Although Salafist fugitives have found refuge in Ain al-Hilweh, competing Palestinian factions appear intent on maintaining stability in the refugee camp.
Palestinian Fatah members march during a parade at Ain el-Hilweh refugee camp, southern Lebanon, to mark the 46th anniversary of founding the Fateh movement, December 31, 2010. REUTERS/Ali Hashisho  (LEBANON - Tags: ANNIVERSARY CIVIL UNREST) - RTXW41O

BEIRUT — When Shadi Mawlawi and Osama Mansour escaped their native city of Tripoli in November during clashes between the Lebanese army and the local, armed militant groups they led, they found refuge among Salafist factions inside the Ain al-Hilweh Palestinian refugee camp in Sidon. Lebanese troops have only rarely ventured into the Palestinian camps, despite the 1987 abrogation of the 1969 Cairo Agreement between the Palestinian leadership and the Lebanese government that the army refrain from entering them. Mawlawi and Mansour, the most wanted men in Lebanon, have been charged in absentia with belonging to an armed terrorist group with the intent to carry out attacks. Amid recent rumors that the Islamic State (IS) is planning to declare an emirate in Lebanon, many fear the group might make an appeal to some of the Palestinian factions there to join forces.

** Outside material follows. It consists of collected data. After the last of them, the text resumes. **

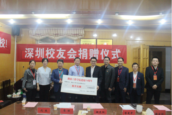 金秋十月,丹桂飘香,正值母校70华诞之际,10月16日下午,beat365平台官方网站深圳校友会为资助和奖励湖工应用技术学院考研学生,特捐助十万元,捐赠仪式在南校区办公楼207会议室举行,学校党委委员、副校长魏克湘,深圳校友会会长、广东海洋投资管理有限公司有限公司董事长、电气化86019班校友胡激涛,深圳校友会终身名誉顾问、深圳大学计算机与软件学院教授、电气化83016班校友雷海军,应用技术学院校友李平(电气工程0983班),应用技术学院领导班子,部分学生代表参加。仪式由学院党委书记黎娅主持。
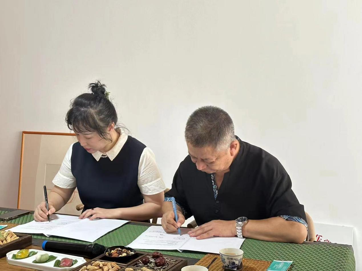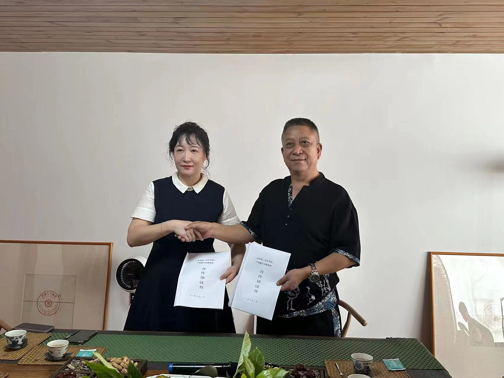 明陞m88平台音乐为进一步推进教育与产业相融合,于2023年8月6日,明陞m88官方网站张巨斌经理带领王景泽、徐升、郑丹、刘力元、王宇、韩笑赴一梦堂进行产教融合签约仪式 。
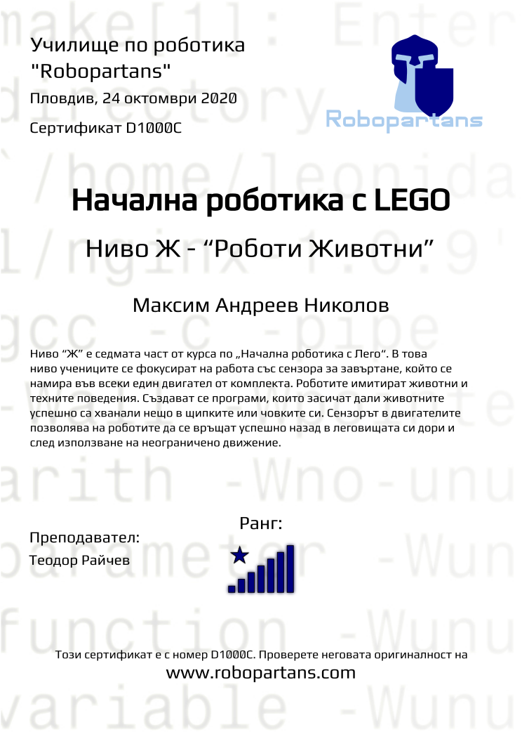 Retiffy certificate D1000C issued to Максим Андреев Николов from template Robopartans with values,rank:8,city:Пловдив,name:Максим Андреев Николов,teacher1:Теодор Райчев,date:24 октомври 2020
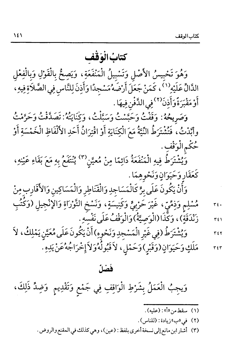 3 أشار ابن مانع إلى نسخة أخرى بلفظ: عين، وهي كذلك في المقنع والروض.
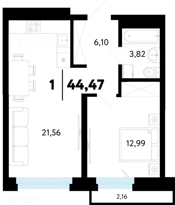 1 комн. квартира в Тюмени в ипотеку от 42 845 руб/месяц
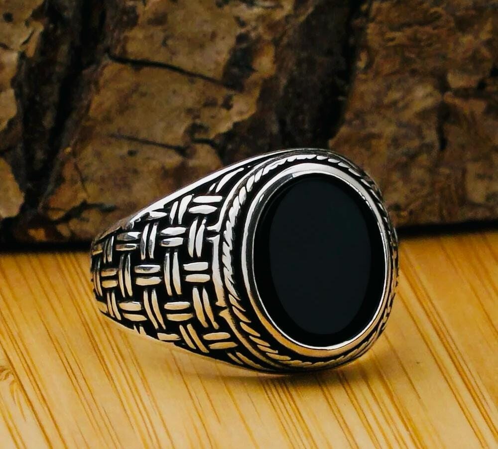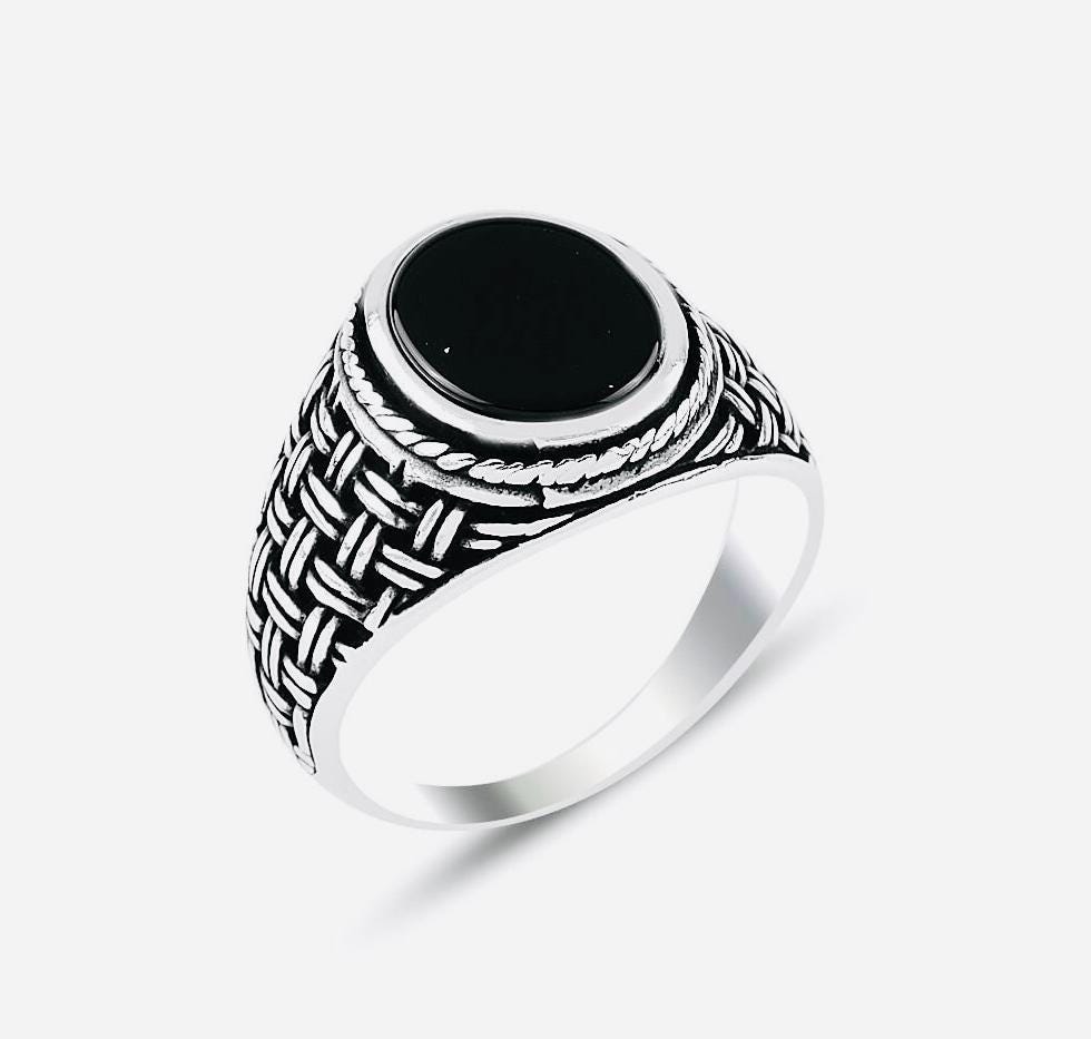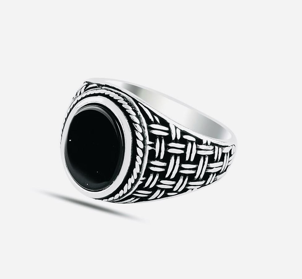Description: This men’s ring combines the timeless elegance of black onyx with a detailed woven pattern, crafted in 925 sterling silver. Its polished surface highlights the unique design, making it perfect for daily wear or special occasions. Delivered in a stylish ring box, it’s also an ideal gift for men who appreciate refined jewelry.

Palestinian individuals have been identified among the perpetrators involved in a series of car bombs and suicide attacks targeting Lebanese army and Hezbollah strongholds in the past few years. In one incident in February 2014, Nidal al-Mghayer, a Sidon resident with relatives in Ain al-Hilweh, was identified as the driver of a car bomb that exploded outside the Iranian Cultural Center in Beirut. Those carrying out the attacks do not like that the Iranian-backed Shiite Hezbollah is fighting alongside the Syrian army against predominantly Sunni rebels in the ongoing civil war in Syria, and they complain that the operations conducted by the Lebanese army only target Sunni groups.